Models trained or fine-tuned on the open web will treat such sites as reference material. Sparse or ambiguous sites will contribute less. The difference may not show up in a ranking report, but it will show up in how often you are named, described accurately, and recommended in model outputs.
Public forums as secondary signals
Websites are not the only signals models pick up. Public, text-heavy communities such as Reddit, developer forums, and Q&A sites also feed into training data. These sources often carry a different type of information: user experience, complaints, comparisons across products, real-world workarounds.
For a business, this means two things. First, your official site provides the canonical description of what you say you do. Second, the public discussion about you — especially in places that allow longform text — provides context on how that claim holds up in practice.
LLMs will likely interpolate between these. An answer might combine your stated feature set (from your website) with commentary about reliability or support (from forums). If your only strong presence is in the app stores and on closed social, the model's view of you will rely more on second-hand accounts, scraped reviews, or outdated press.
Practical implications for businesses
For a business that has spent years pushing users into an app, this may require a recalibration. The goal is not to abandon the app, but to ensure the website is no longer just a thin redirect.
At minimum, the public site should contain a structurally complete version of the business story:
- Who you are and what your company does
- What products or services you offer, described explicitly
- Where you operate and who you serve
- Pricing bands or commercial models
- Sufficient detail to answer basic "how does this work?" questions
Where possible, documentation and FAQs that live only inside support centres or in-product modals may need to be mirrored or summarised on the open web.
There is also a design consideration that is less obvious but important: stability. LLMs are trained on snapshots of the web over time. If your URLs, structure and wording are constantly in flux, the model's representation of you will lag and fragment. A measured cadence of change, with stable canonical pages, will likely help maintain a coherent representation.

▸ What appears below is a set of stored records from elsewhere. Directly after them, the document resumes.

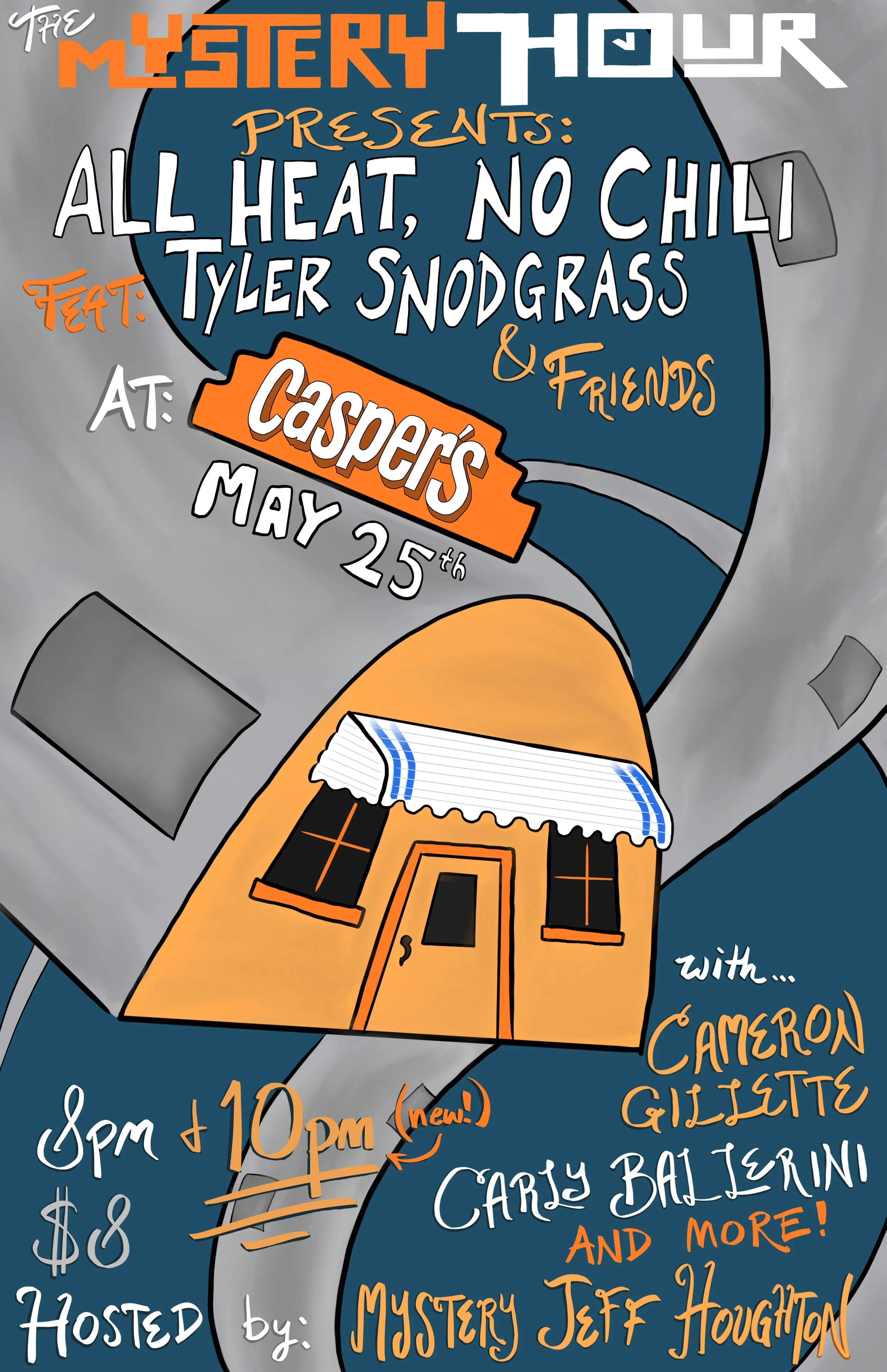 The Emmy Award-winning talk show, The Mystery Hour, is setting up a special standup show on Thursday May 25th, and you have two chances to see it! An 8pm and 9:30pm show will be happening at Casper's Chili in Downtown Springfield, but tickets are going fast so reserve online or email snodgrasscomic@gmail.com to see if there are walk-up tickets still available! You wont want to miss this show!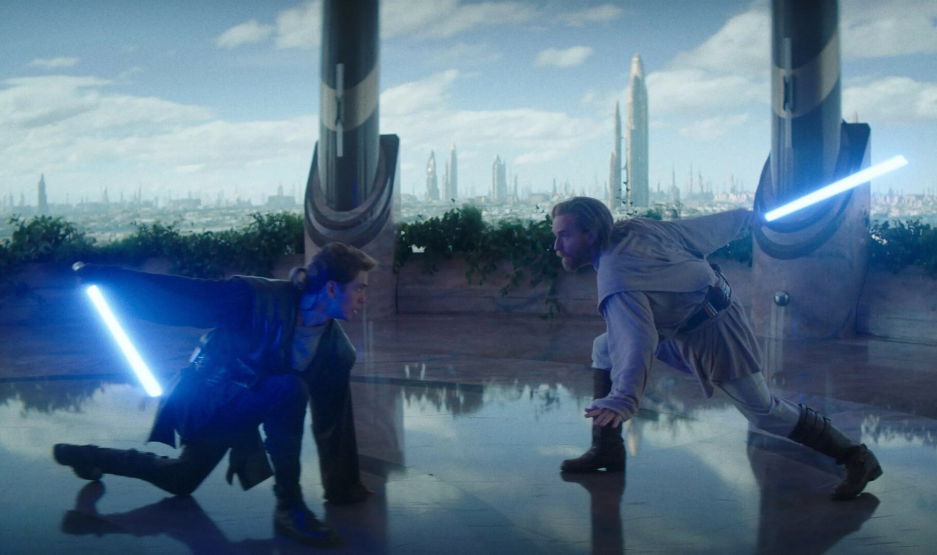But, of course, the actual fighting is great. Vader in the suit has to fight differently than pre-burn Anakin so getting an opportunity to revisit how the two previously fought, fast and balletic, is brilliant. Attack of the Clones was my favourite Star Wars movie as a kid so the episode unexpectedly harkening back to that more than Revenge of the Sith is a wonderful surprise. The mullet returns! The two actors look older than they should, Hayden in particular does not look 19, even with some subtle de-aging, but I don’t care. I’d rather they look as they do, able to emote, than go full Mandalorian season 2 with CGI Luke. I also still haven’t gotten over the excitement of seeing Coruscant in live action again. The training room itself is one of the few locations I think really works in the show. The backdrop is beautiful and it has a grand opulence that contrasts well with the dingy cave the rest of the episode is set in. The duel reflected in the shiny floor is a nice touch.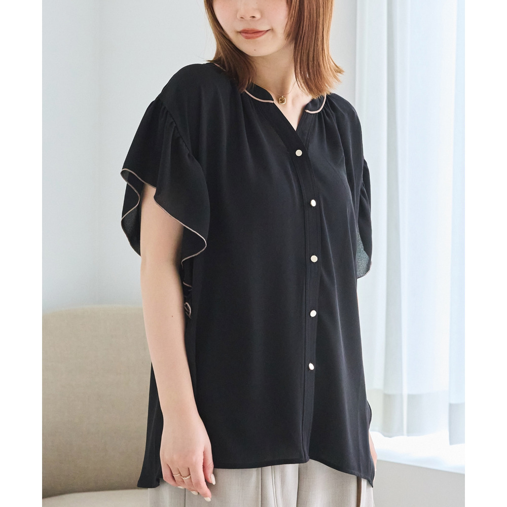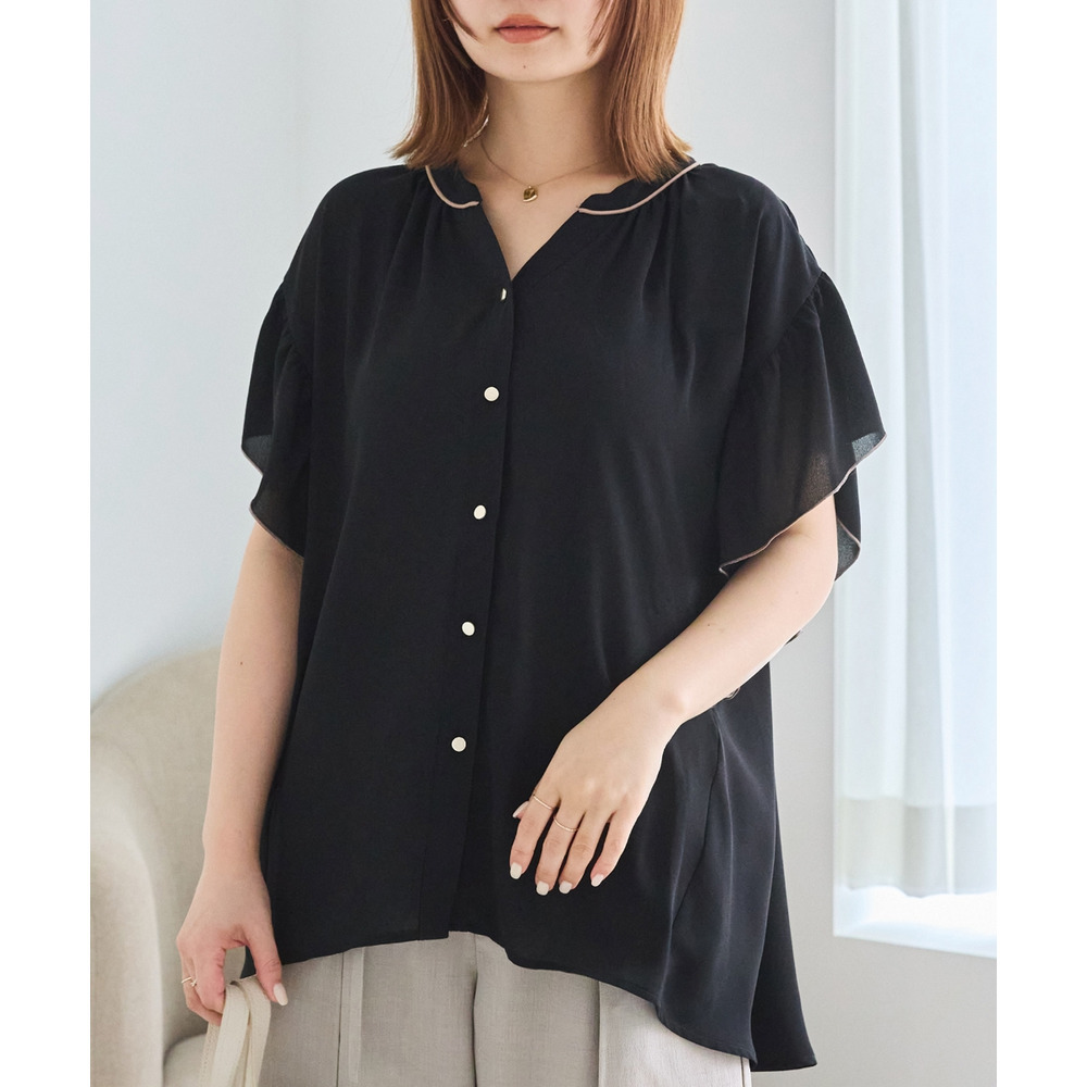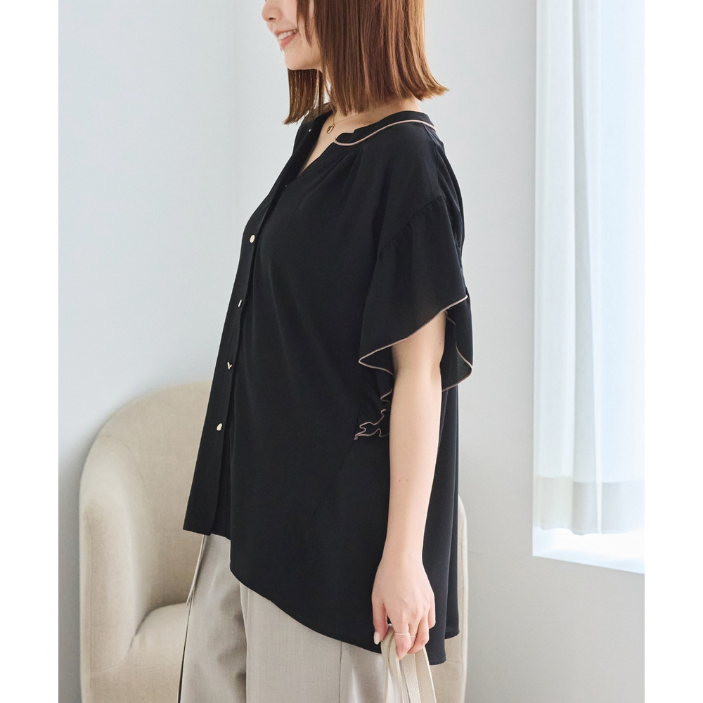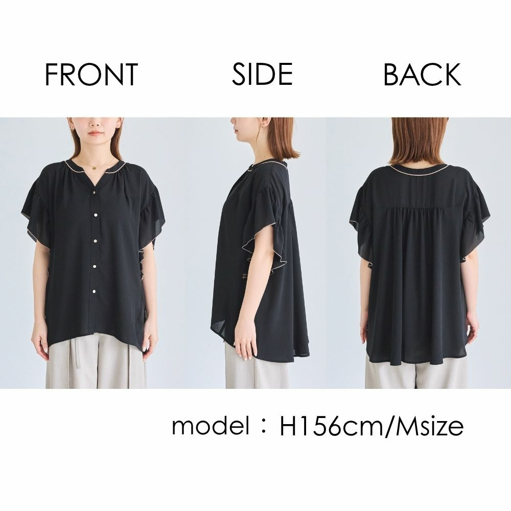 前後差のある着丈と、脇線を前に振った設計で、気になるラインをカバーしつつすっきり細見えを実現。袖は切り替え入りのフレアデザインで、動くたびに軽やかなニュアンスをプラスします。
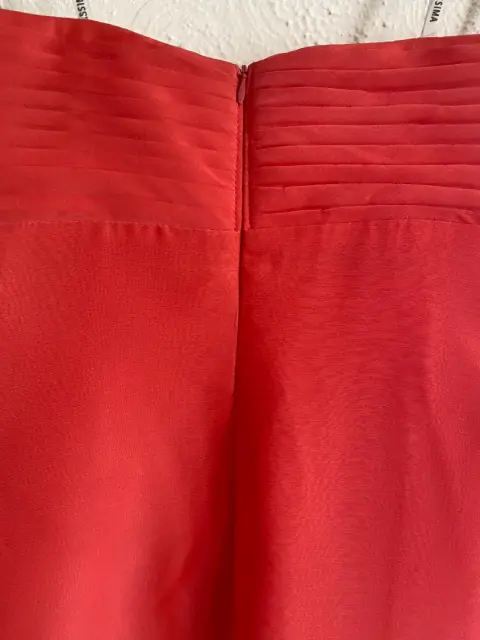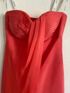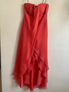 Talla 5 (chica), color salmón, corto de enfrente, largo de atrás, con cierre en la espalda.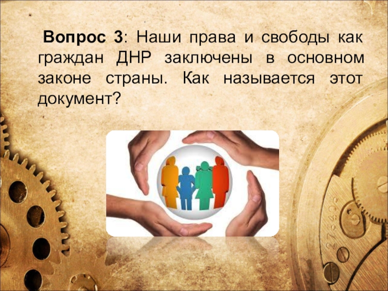 Слайд 8  Вопрос 3: Наши права и свободы как граждан ДНР заключены в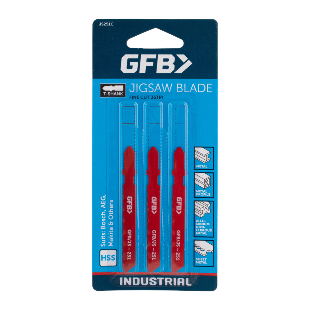 GFB Jigsaw Blades are precision-manufactured to the highest quality standards, ensuring sharpness and durability. Crafted from High Speed Steel (HSS), these fine cut blades with 32 teeth per inch (tpi) are ideal for cutting through fine metal, metal profile, aluminium, non-ferrous metals, sheet metal, zinc and metal guttering. Each pack includes three T-Shank blades, which are compatible with leading brands like Bosch®, AEG®, Festo®, Hitachi®, Metabo®, Makita®, and others, making them a versatile choice for various cutting tasks.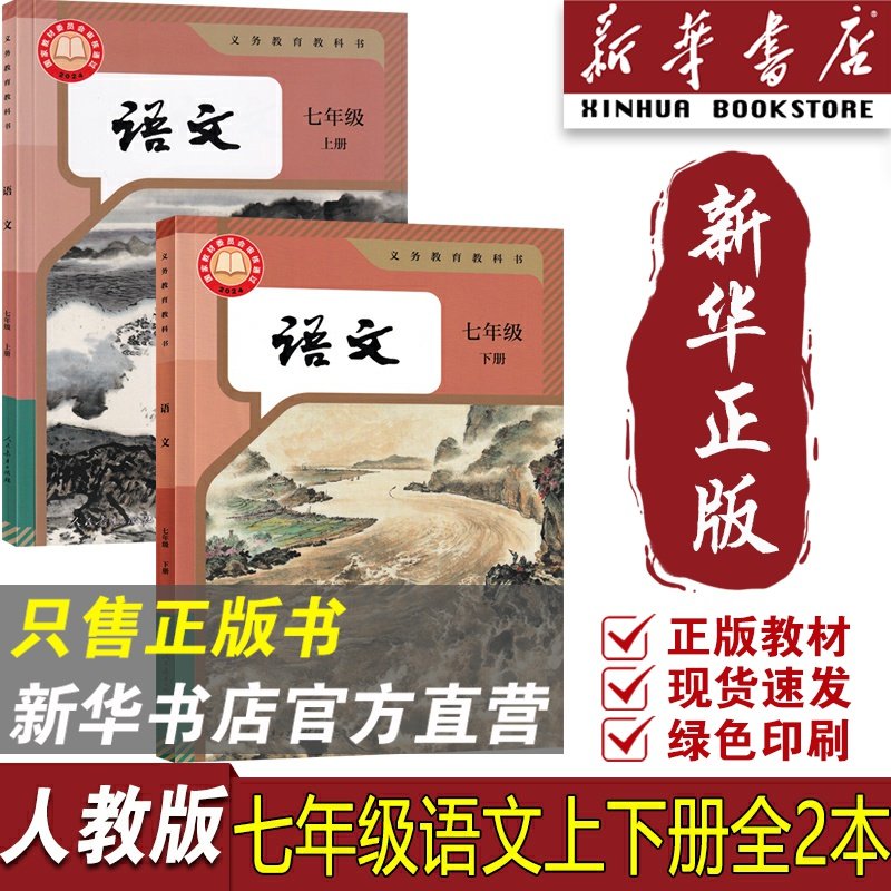 【新华书店正版】部编版全国统一版本初中7七年级上册语文+七年级下册语文全套2本人教版初一7年级上下册语文书课本教科书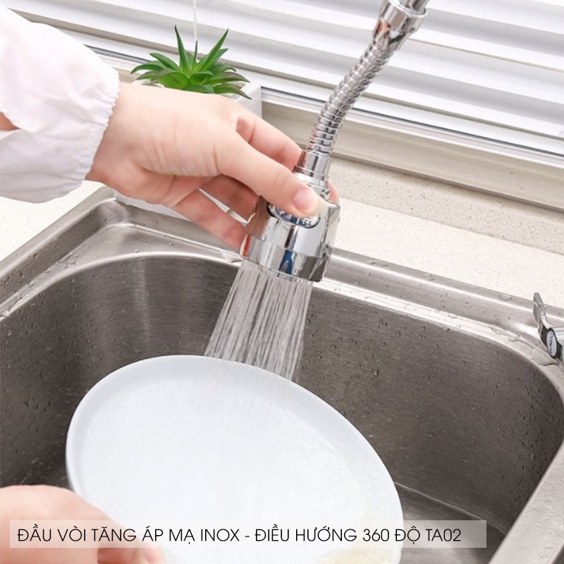 Đầu vòi tăng áp mạ inox- 2 chế độ- điều hướng 360 độ TA02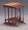 each with rectangular top supported on turned faux bamboo uprights united by a turned stretcher, standing on sleigh feet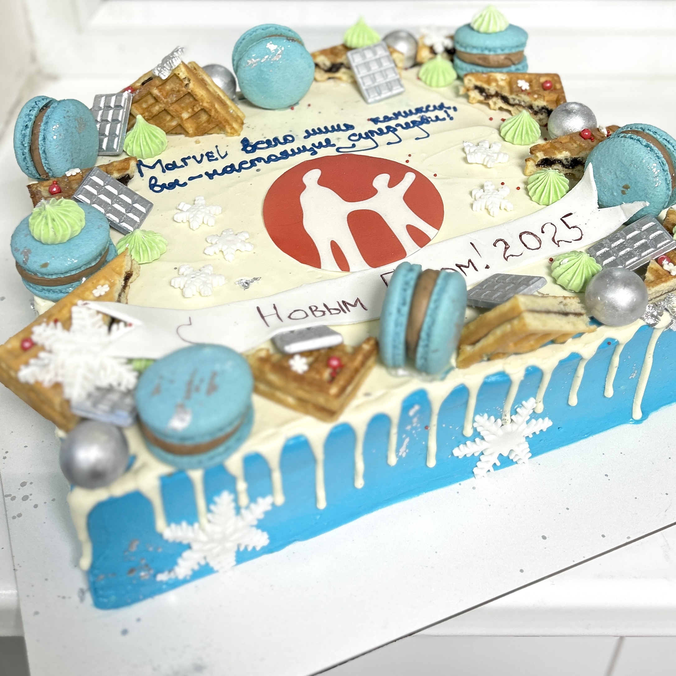 Бисквитный торт с новогодним оформлением и сахарной печатью логотипа. Доступен к заказу от 1,5 кг

The website as infrastructure, not brochure
Seen this way, the company website starts to look less like a marketing asset and more like infrastructure for being machine-readable. It is not only there to persuade a human visitor arriving from Google. It is there to express, in a structured public form, the core facts about the business so that both humans and machines can reconstruct them.
As LLMs are increasingly embedded into search, assistants, enterprise tools and sector-specific applications, this machine-readable layer may quietly become as important as any ad campaign. Someone asks an assistant which logistics partner to consider, or which fintech APIs support a given feature. The model answers based on what it has seen. If you do not exist in that corpus in a clear, structured way, you are excluded from the short list before the human even starts to compare.
That is the rising importance of websites in the AI world. They are the part of your business that the crawlers can see. Everything behind the walls — the app flows, the internal docs, the private dashboards — may drive your operations. But the open, well-constructed website is what tells the machines that you exist, what you do, and why you might belong in the answer.